Tutorial 6: Set Up OKR Cycle and Track Performance - CrmLeaf HRMS

🎯 Outcome: Quarterly OKR cycle live with company objectives, team OKRs, and individual key results assigned and visible

7 steps28–40 minCrmLeaf HRMS Admin
✓ Your progress0/7 steps complete
1

Create the OKR cycle

▶ Action

Define the quarterly performance period for this OKR cycle.
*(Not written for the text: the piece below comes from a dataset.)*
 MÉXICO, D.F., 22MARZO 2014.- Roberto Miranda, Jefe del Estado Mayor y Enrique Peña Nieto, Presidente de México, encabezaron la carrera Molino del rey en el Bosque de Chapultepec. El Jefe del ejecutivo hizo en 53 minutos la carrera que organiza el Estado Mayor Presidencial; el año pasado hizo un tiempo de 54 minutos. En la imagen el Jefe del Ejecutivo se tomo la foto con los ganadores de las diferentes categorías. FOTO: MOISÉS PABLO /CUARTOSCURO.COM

Why this matters: An OKR cycle defines the time period during which objectives are tracked and scored. Quarterly cycles (Q1 April–June, Q2 July–September, Q3 October–December, Q4 January–March) are the standard in India. The cycle must be created before objectives can be added.
  1. Go to Performance › OKR Cycles › + New Cycle
  2. Name: e.g. “Q1 FY2025-26 (Apr–Jun 2025)”
  3. Start date: April 1, 2025
  4. End date: June 30, 2025
  5. Status: Active
  6. Click Save Cycle
Performance › Cycles › Q1 FY2025-26: Active ✓ | Apr 1 – Jun 30, 2025
Done when: OKR cycle created and visible in the Cycles list. Status shows Active. All subsequent objectives and key results will be linked to this cycle.
2

Add company-level objectives

▶ Action

Define the 3–5 company objectives for this quarter.
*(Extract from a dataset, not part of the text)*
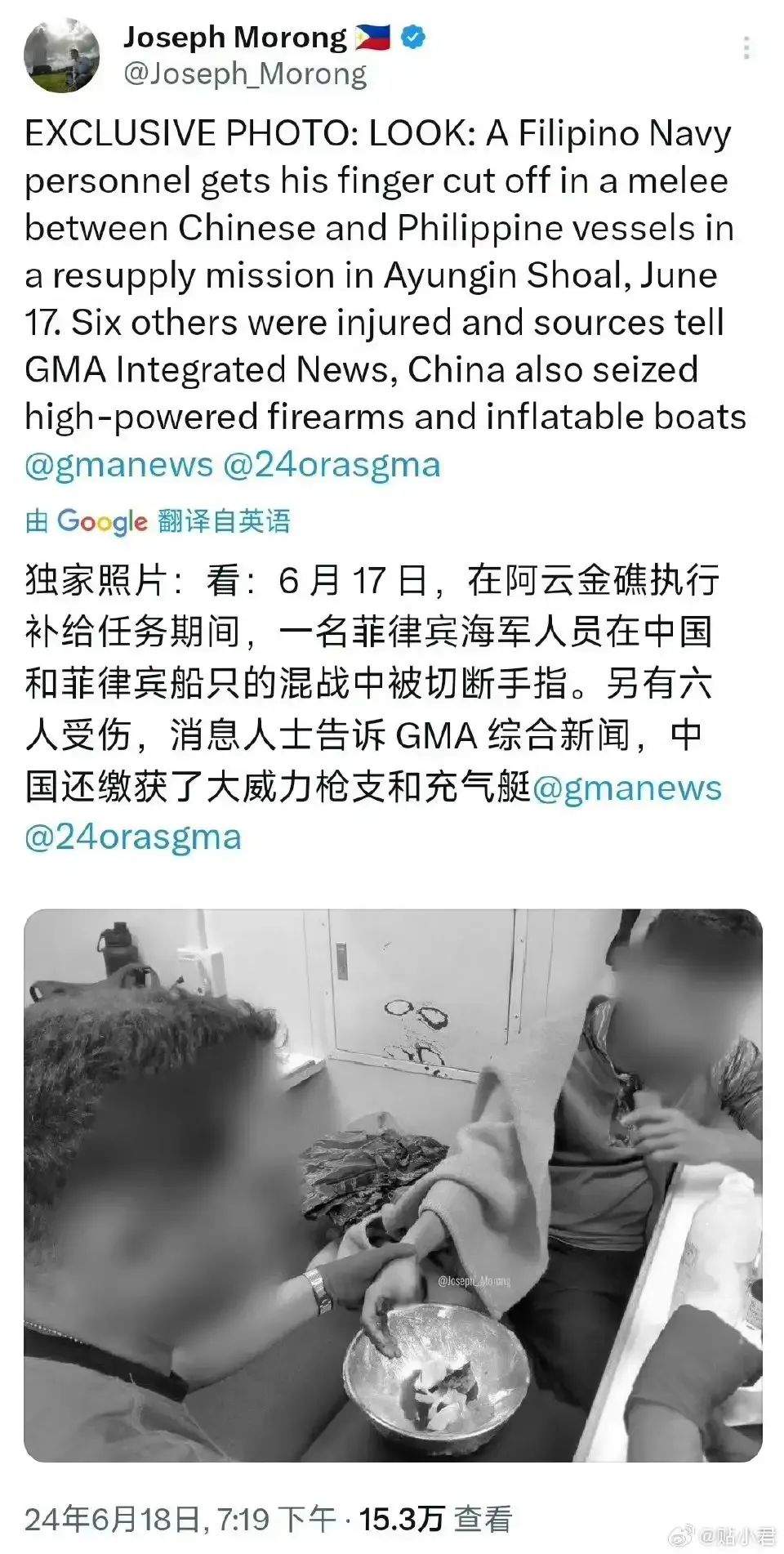 菲律賓的海軍“特戰隊員”手裏拿着槍也不敢開火,眼睜睜被奪槍、繳械,還有一個被夾斷手指……菲律賓官方也不敢大聲説話,都在裝死。

Why this matters: Company-level objectives represent what the whole organisation is trying to achieve this quarter. They cascade down to teams and individuals. Good company OKRs are ambitious, measurable at the company level, and relevant to the quarter (not generic annual goals).
  1. Go to Performance › OKRs › Company Level
  2. Click + Add Objective
  3. Enter the objective statement (e.g. “Grow ARR to ₹8 crore by June 30”)
  4. Add 2–4 Key Results for this objective (measurable outcomes, not activities)
  5. Assign an owner (typically the CEO or relevant CXO)
  6. Repeat for each company objective (3–5 recommended)
Performance › Company › Q1 › [Objective 1: Grow ARR + 3 KRs ✓ | Objective 2: Launch 2 new markets + 2 KRs ✓]
Done when: Company objectives visible in the Performance dashboard. Each objective has at least 2 key results with measurable targets.
3

Create team-level OKRs

▶ Action

Break company objectives down into team-level objectives for each department.

Why this matters: Team OKRs are the link between company strategy and individual work. Each team OKR should align to at least one company objective. Department heads own their team’s OKRs and are accountable for the key results.
  1. Go to Performance › OKRs › Team Level
  2. Select a department (e.g. Engineering)
  3. Click + Add Team Objective
  4. Enter objective, link to parent company objective
  5. Add 2–3 Key Results for this team objective
  6. Assign the department head as owner
  7. Repeat for each department
Performance › Teams › [Engineering: 2 objectives ✓ | Sales: 2 objectives ✓ | Operations: 1 objective ✓]
Done when: Team objectives created for all departments. Each team objective is linked to a parent company objective. Department heads are assigned as owners.
4

Assign individual Key Results

▶ Action

Create individual-level KRs for each team member.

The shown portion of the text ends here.